» **WHAT YOU NEED TO DO**:
Before printing, remove every picture; then print the lines below exactly, from the first line through the line containing "I built this".

» **DATA SHOWN**:
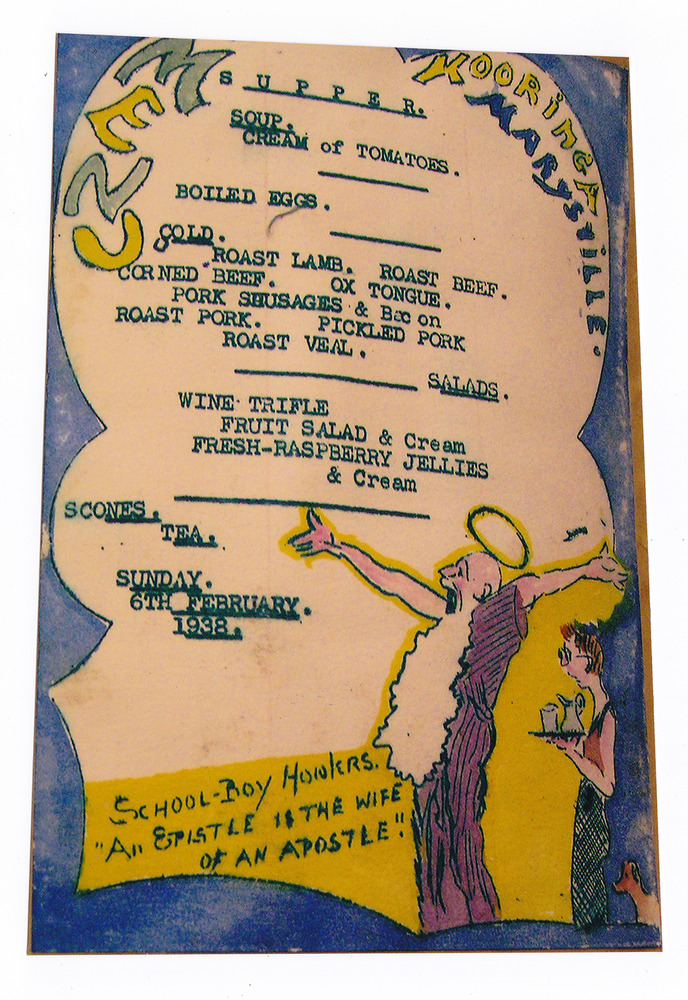A colour photograph of a hand drawn menu from Kooringa Guest House in Marysville. This menu is dated 6th February 1938. There were hundreds of menus created by Wilbur Anderson and some were related to special days (ie St. Patrick's Day, the Melbourne Cup, etc.) with the dishes reflecting this. Unfortunately, the entire collection of original menus was lost in the 2009 Black Saturday bushfires.
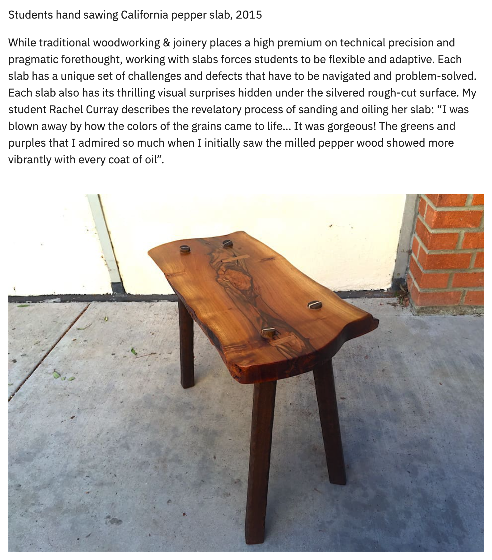 I built this bench as a student in 2015 and it continues to function in my daily life as a study bench for both pets and humans. Cleanly finished planes and deliberate joinery coexist with live edges cracks and exposed knots emphasizing honesty in construction and legibility of process. The piece reflects my interest in sustainability material ethics and the idea that design gains meaning through continued use and long term engagement.
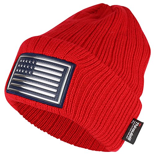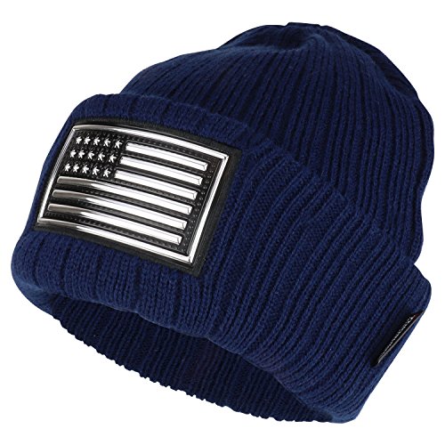 Trendy Apparel Shop Metallic PVC USA Flag Patched 3M Thinsulate Long Beanie

» **FINISHED EXERCISE**:
A colour photograph of a hand drawn menu from Kooringa Guest House in Marysville. This menu is dated 6th February 1938. There were hundreds of menus created by Wilbur Anderson and some were related to special days (ie St. Patrick's Day, the Melbourne Cup, etc.) with the dishes reflecting this. Unfortunately, the entire collection of original menus was lost in the 2009 Black Saturday bushfires.
 I built this bench as a student in 2015 and it continues to function in my daily life as a study bench for both pets and humans. Cleanly finished planes and deliberate joinery coexist with live edges cracks and exposed knots emphasizing honesty in construction and legibility of process. The piece reflects my interest in sustainability material ethics and the idea that design gains meaning through continued use and long term engagement.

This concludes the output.